-- Instructions for the task --
Could you write out, exactly as they stand, only the lines in the listing below from the line with "初年度登録 | R1年12月 |" to the line with "HILTI TE-CX 5/8", both ends included, without the pictures?

-- Exercise input --
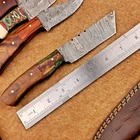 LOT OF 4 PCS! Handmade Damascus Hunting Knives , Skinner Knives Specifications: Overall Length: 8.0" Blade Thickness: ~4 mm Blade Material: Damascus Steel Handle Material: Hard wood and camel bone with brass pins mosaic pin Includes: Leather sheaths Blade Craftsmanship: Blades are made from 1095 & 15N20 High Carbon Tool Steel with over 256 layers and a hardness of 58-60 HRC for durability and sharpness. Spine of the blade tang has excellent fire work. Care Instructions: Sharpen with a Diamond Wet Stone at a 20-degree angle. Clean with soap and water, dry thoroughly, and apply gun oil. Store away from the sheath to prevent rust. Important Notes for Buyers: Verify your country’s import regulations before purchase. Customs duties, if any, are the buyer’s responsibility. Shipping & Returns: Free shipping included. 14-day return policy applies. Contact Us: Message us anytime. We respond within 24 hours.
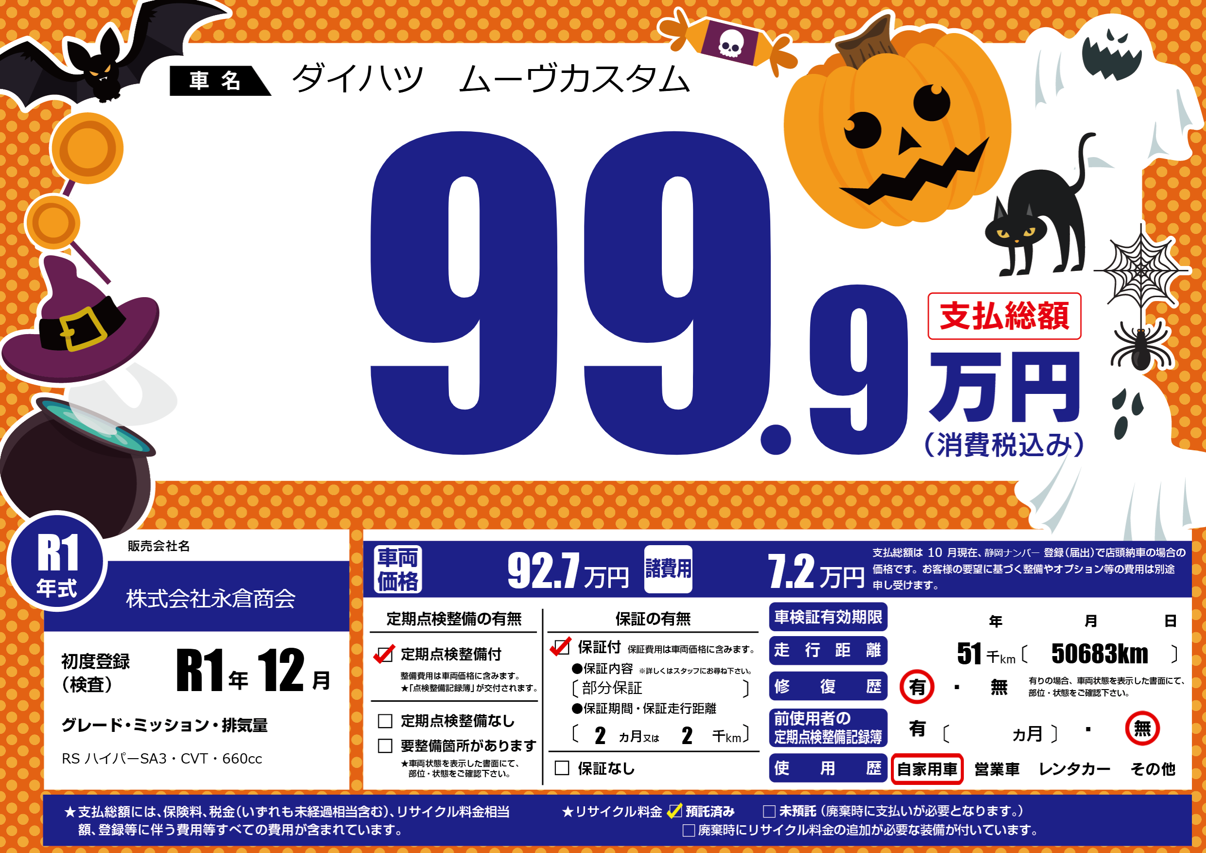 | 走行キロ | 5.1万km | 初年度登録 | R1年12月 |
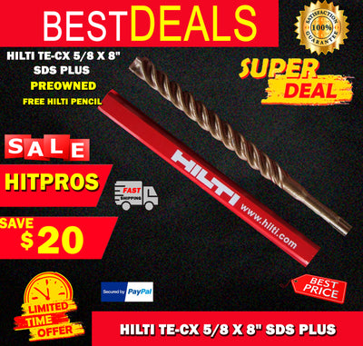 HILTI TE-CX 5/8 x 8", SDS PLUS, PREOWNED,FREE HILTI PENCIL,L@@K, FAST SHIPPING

==

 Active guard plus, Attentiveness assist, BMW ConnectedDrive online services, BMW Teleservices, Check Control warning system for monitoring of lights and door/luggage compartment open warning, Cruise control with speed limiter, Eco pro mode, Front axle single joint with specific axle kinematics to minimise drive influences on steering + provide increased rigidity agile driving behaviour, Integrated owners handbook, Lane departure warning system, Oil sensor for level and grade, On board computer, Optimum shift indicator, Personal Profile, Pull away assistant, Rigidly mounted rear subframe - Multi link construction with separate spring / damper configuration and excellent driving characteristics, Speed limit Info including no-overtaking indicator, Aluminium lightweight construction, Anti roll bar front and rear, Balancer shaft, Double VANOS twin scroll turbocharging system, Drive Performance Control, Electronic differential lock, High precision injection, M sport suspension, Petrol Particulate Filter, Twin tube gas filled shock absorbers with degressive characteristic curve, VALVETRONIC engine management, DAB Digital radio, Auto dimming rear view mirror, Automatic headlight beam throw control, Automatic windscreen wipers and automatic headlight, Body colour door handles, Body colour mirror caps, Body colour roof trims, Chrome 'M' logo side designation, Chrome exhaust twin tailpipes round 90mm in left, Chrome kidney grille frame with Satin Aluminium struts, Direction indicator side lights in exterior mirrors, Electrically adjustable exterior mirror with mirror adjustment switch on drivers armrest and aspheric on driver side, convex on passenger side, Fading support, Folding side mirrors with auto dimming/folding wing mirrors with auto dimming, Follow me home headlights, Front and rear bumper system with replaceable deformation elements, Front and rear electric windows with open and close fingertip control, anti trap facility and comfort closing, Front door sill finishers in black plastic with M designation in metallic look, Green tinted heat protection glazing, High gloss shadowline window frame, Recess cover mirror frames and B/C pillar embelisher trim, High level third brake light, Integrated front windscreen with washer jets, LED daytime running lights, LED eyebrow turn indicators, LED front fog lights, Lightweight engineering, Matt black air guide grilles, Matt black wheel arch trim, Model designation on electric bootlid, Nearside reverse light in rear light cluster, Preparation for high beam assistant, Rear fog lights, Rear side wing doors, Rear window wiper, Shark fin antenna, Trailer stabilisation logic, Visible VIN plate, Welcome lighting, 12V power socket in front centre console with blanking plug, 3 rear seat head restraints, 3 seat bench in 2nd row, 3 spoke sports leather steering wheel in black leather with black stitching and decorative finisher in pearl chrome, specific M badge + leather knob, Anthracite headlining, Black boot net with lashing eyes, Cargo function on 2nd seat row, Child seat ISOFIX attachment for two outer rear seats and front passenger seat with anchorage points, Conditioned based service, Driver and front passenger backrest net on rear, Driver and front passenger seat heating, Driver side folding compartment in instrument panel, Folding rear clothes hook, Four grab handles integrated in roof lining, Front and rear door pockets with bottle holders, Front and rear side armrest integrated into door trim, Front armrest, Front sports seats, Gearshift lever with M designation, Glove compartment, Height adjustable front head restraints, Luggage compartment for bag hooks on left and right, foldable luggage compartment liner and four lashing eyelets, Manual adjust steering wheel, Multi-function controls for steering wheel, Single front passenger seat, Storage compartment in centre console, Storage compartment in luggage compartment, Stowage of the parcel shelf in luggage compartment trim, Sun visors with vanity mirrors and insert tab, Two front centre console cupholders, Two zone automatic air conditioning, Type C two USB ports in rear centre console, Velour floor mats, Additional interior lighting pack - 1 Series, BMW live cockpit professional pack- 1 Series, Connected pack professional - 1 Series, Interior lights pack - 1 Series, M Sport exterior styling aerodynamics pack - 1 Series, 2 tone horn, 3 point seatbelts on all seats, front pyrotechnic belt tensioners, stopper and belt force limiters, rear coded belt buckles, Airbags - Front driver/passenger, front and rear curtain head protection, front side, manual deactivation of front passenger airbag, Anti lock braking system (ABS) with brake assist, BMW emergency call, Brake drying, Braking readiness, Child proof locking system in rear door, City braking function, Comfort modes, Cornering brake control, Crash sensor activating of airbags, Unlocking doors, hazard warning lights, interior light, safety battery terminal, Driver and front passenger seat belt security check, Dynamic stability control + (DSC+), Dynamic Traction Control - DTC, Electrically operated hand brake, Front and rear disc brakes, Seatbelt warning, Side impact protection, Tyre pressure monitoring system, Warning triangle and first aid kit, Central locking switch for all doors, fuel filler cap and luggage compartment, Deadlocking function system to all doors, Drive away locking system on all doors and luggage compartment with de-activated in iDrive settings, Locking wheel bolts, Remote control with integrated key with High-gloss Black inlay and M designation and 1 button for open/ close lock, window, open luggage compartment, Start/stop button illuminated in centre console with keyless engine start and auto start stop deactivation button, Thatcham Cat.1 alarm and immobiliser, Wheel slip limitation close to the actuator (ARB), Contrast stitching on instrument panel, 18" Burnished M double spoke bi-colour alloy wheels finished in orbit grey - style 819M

--

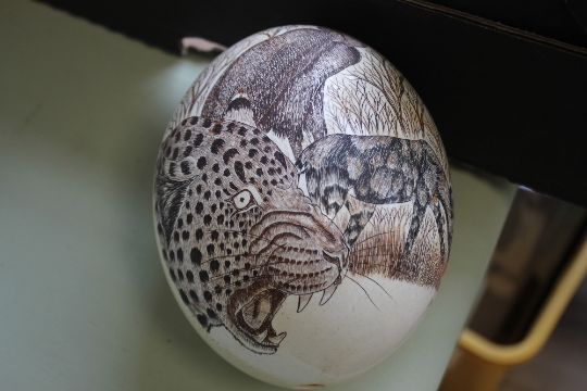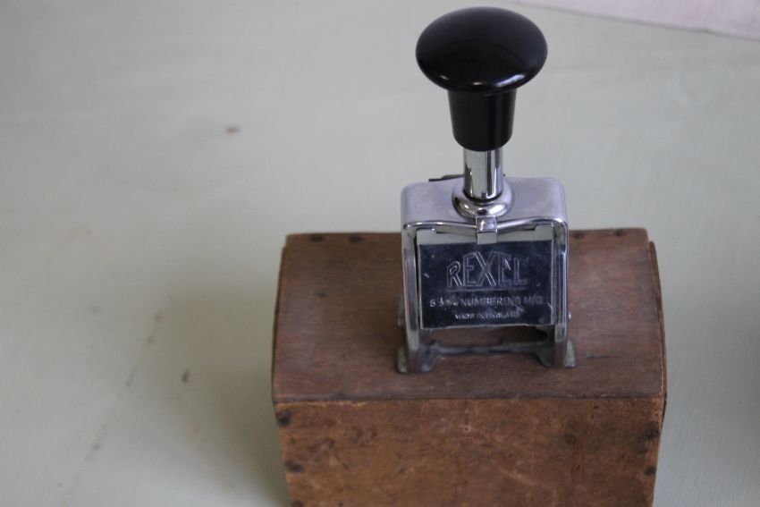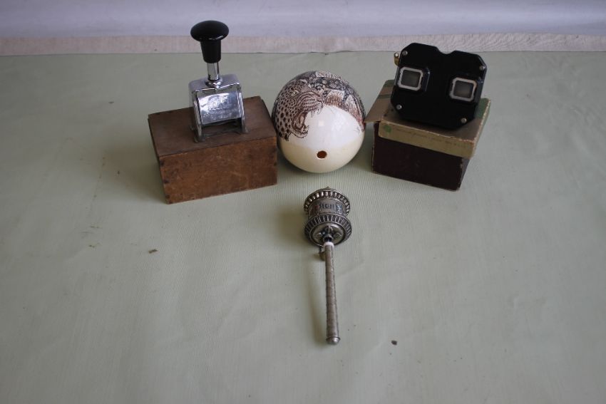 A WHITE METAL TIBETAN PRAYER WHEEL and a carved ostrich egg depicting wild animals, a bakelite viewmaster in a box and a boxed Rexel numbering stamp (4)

-- Response to the task --
 | 走行キロ | 5.1万km | 初年度登録 | R1年12月 |
 HILTI TE-CX 5/8 x 8", SDS PLUS, PREOWNED,FREE HILTI PENCIL,L@@K, FAST SHIPPING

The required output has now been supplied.